The challenge is that firms and individuals on the other side of the negotiating table have an important interest in how the settlement document is worded. Among other things, there are often disagreements on the facts underlying the action and on whether certain facts are relevant and should be included. In her remarks, Schroeder recognized the difficulty, noting that the negotiation process often challenges FINRA in terms of spelling out all of the details. She committed the Enforcement Department to working to find the right balance to ensure that the information explaining the “why” is included in the documents. Proposed respondents and their counsel in negotiations will need to be vigilant when negotiating language in settlement documents regarding this changed approach.
Finally, Schroeder discussed the need to avoid “rule-making by enforcement.” Both Schroeder and Cook, in his remarks at SIFMA, distinguish “regulation by enforcement,” which is an effective tool to appropriately address deficient conduct, from “rulemaking by enforcement,” which both leaders noted was not an acceptable regulatory response. Enforcement leadership is committed to identifying them early and will seek input from experts outside the department to ensure that the right regulatory response is achieved. Firms will need to be vigilant as well and ensure such issues are appropriately identified and raised within FINRA.

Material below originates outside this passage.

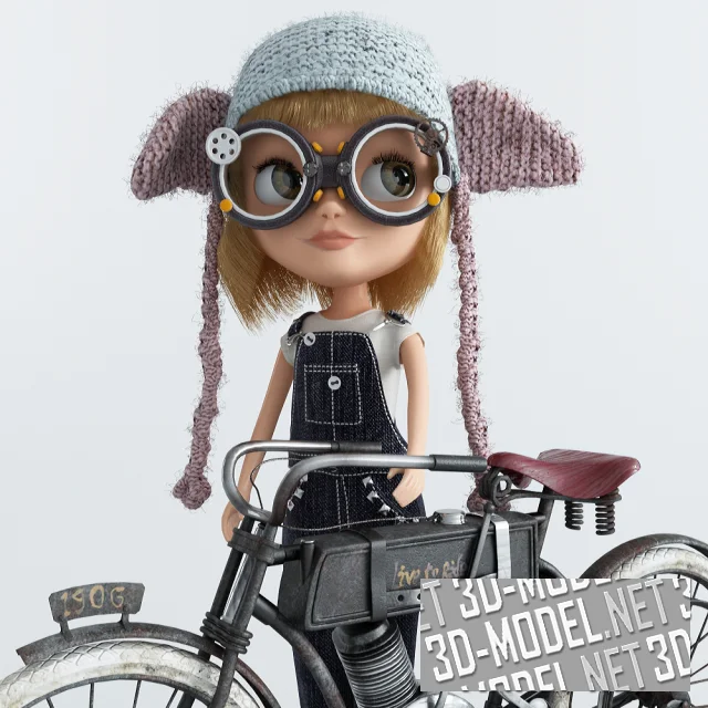 Это высокореалистичная и художественно выполненная 3D-модель, передающая тонкие текстуры трикотажной и джинсовой ткани, а также состаренного металла и резиновых деталей велосипеда. Она идеально подходит для творческих проектов, от стилизованной анимации до визуализаций на историческую тематику или демонстрации коллекционных фигурок, добавляя индивидуальности и изысканных деталей любой цифровой среде.

6. What Should Firms/Individuals Do to Meet the New Expectations?
One, if customers/investors were harmed, provide restitution. Second, fix what is broken — the sooner the better. The longer deficiencies continue, the more likely an enforcement action. Third, review compliance, controls and supervision programs to ensure they have sufficient resources, focus, commitments, escalations and follow-up. FINRA’s goal, as stated, is to incentivize compliance — to ensure that paying a fine is not just the cost of doing business and cheaper than having the right systems and processes in place to comply. Fourth, review the guidelines Schroeder spells out in her speech and, if the situation arises, go into discussions with FINRA staff armed with information supporting your position on the issues that organization officials have publicly stated matter to them.